The address grew out of last week’s brouhaha over remarks made by his pastor.

Chicago Tribune

MONACA, Pa. — Sen. Barack Obama, confronting ongoing questions about inflammatory sermons delivered by his former pastor, announced Monday he will deliver a “major address” on race and politics in Philadelphia today in an attempt to move beyond the controversy.

Obama has been struggling to deal with the comments of Rev. Jeremiah Wright for several days, since videotaped sermons surfaced in which Wright said, among other things, that blacks should sing “God Damn America” instead of “God Bless America.”

Obama pointedly ended a speech at a community college in western Pennsylvania on Monday morning with the words “God Bless America” — an uncharacteristic closing for him.

At a press conference later, he repeated condemnations he made of Wright’s remarks shortly after the videos were widely broadcast last week. But he also said “the caricature that is being painted of him [Wright] is not accurate.”
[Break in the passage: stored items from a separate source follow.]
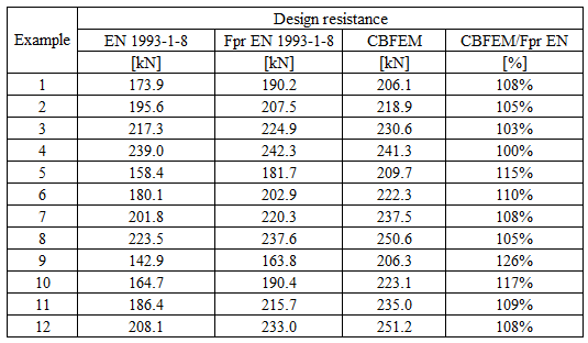 Table 5.6.4 Comparison of results of design resistances predicted by CBFEM, EN 1993-1-8 and Fpr EN 1993-1-8. Effect of plate thickness
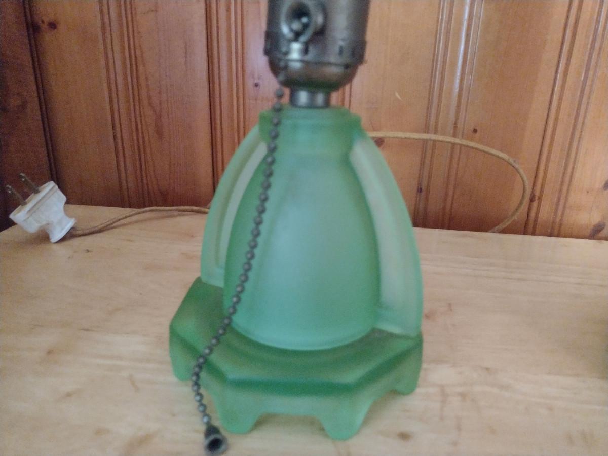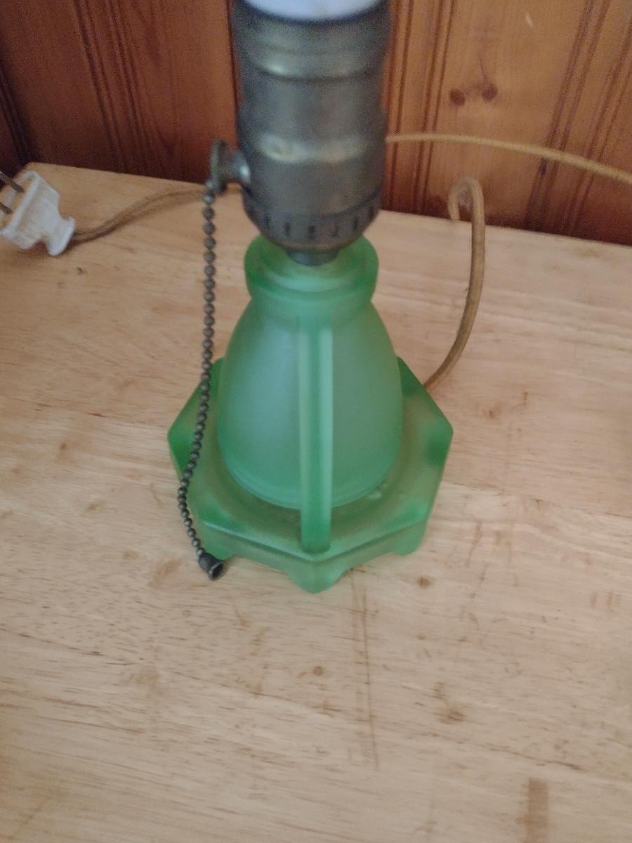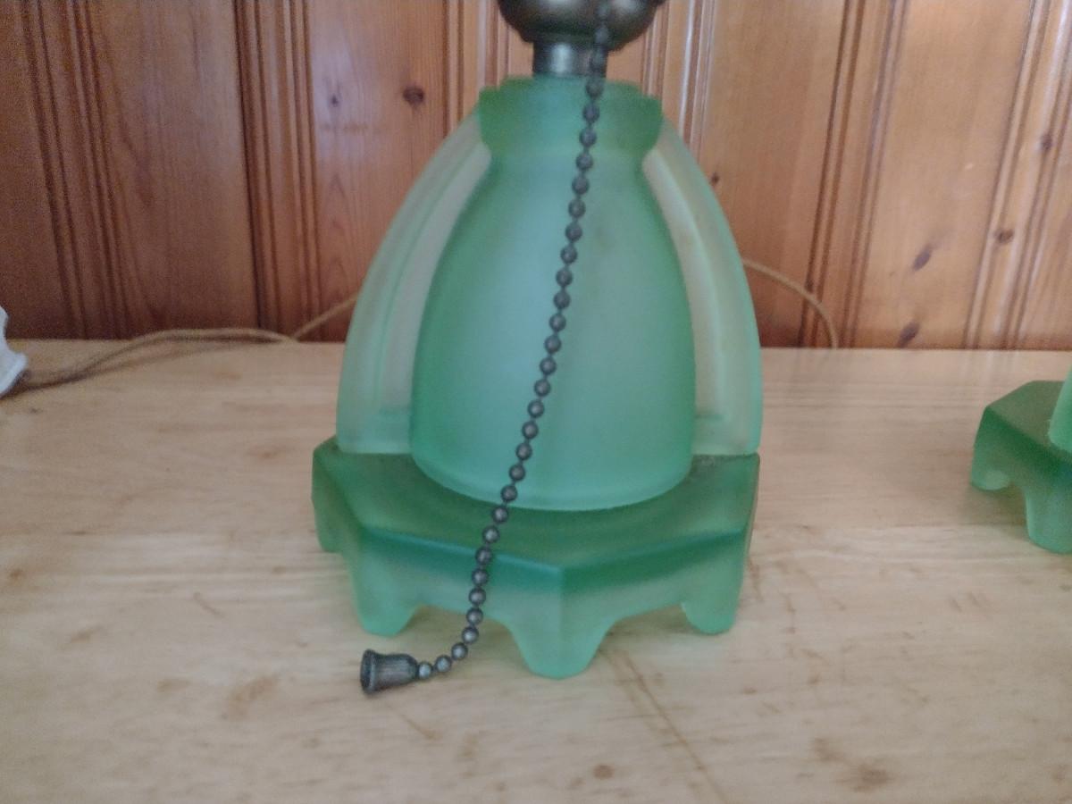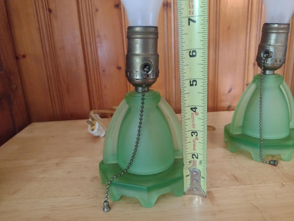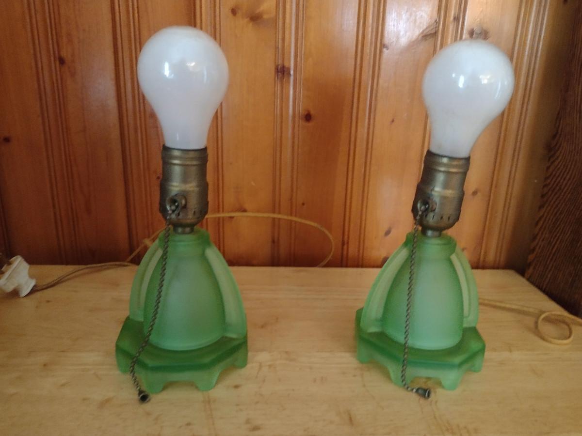 Pair of Uranium Glass Table Top Lamps with Shades (K)
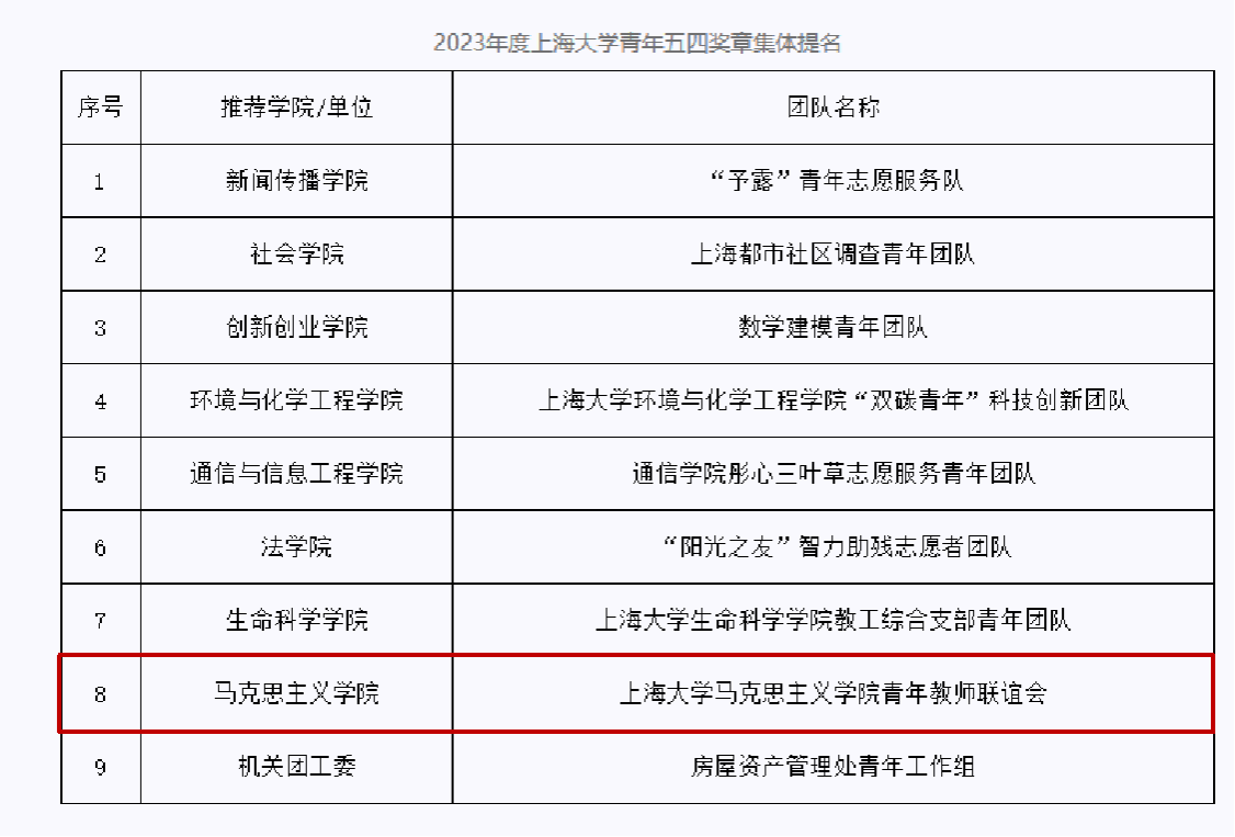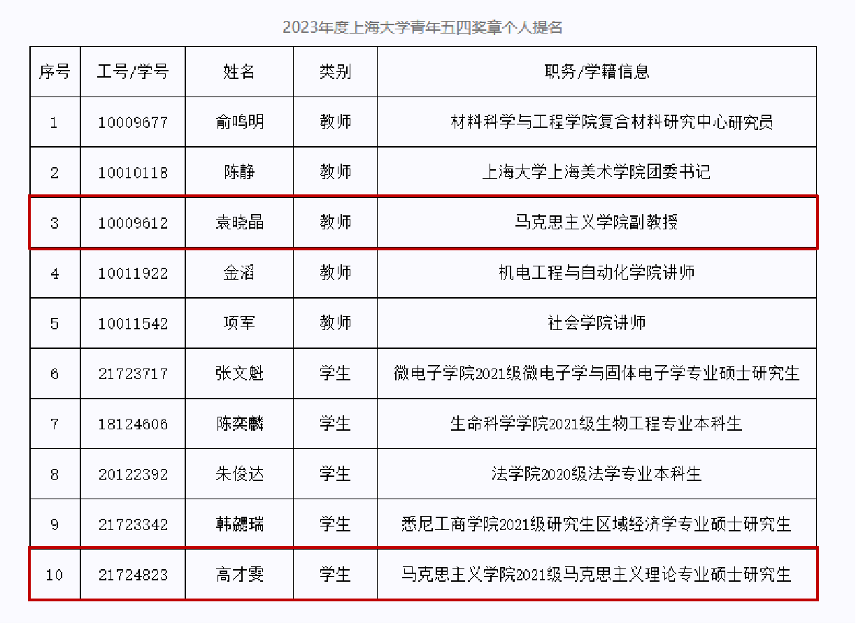 12月22日,根据《关于评选2023年度上海大学青年五四奖章的通知》,经各二级团组织推荐、候选人答辩、专家评审,上海大学五四青年奖章获得者及提名结果产生并公示。我院马克思主义基本原理教研部主任袁晓晶、2020级马克思主义理论专业硕士研究生高才雯获“2023年度上海大学青年五四奖章个人提名”,det365登录网站青年教师联谊会获“2023年度上海大学青年五四奖章集体提名”。

Obama has portrayed Wright as a close spiritual adviser, crediting Wright with leading him from a secular lifestyle to church membership and taking the title of his book “The Audacity of Hope” from one of Wright’s sermons. Obama has been involved with Trinity United Church of Christ in Chicago, where Wright was pastor until his recent retirement, for nearly two decades. Wright presided at Obama’s marriage to his wife, Michelle, and baptized both of their daughters.

Obama has put himself forward as a candidate who can move beyond America’s racial divisions, and the controversy over Wright has challenged that image.

Throughout his campaign, Obama has directly addressed race only on rare occasions and sought to prevent his campaign from being consumed by the topic.

Aides said Obama’s decision to deliver a speech on the subject was driven by the Wright controversy, as well as other developments that have heightened attention to racial issues. Those include recent comments by Geraldine Ferraro, the Democrats’ unsuccessful 1984 vice presidential candidate, suggesting that voters and the media were giving Obama a race-based affirmative-action break at the expense of Hillary Clinton, as well as a racially polarized vote in the Mississippi primary.

After performing well with white voters in early contests and winning over white voters in high-profile primaries in Wisconsin and Virginia, Obama has recently faltered with white voters, particularly the white working-class voters who are a core constituency of the Democratic Party.

“It was a good time, the right time to talk about the issue of race, politics and how we bring our country together,” said David Axelrod, Obama’s chief strategist.

Obama declined to answer a series of questions from reporters Monday regarding his understanding of Wright’s teachings on white America and why he chose Wright’s church as a source of moral guidance for his own family. But Obama said he would “absolutely” cover the questions in his speech.

In an interview with PBS’s “NewsHour” on Monday, Obama suggested that Wright’s tone in speaking of white America was partly a generational difference borne out of the bitter experiences of discrimination in an earlier era.

“When you look at somebody like a Rev. Wright who grew up in the ’50s or ’60s, his experience of race in this country is very different than mine,” Obama said in the PBS interview.

“We benefit from the difficult battles that were [taking] place,” Obama continued. “But I’m not sure that we benefit from continuing to perpetuate the anger and the bitterness that I think, at this point, serves to divide rather than bring us together.”

Axelrod said Obama would deliver a “very candid” and “personal” speech on race in America that would cover the controversy over Wright’s remarks but also address broader issues of race in America.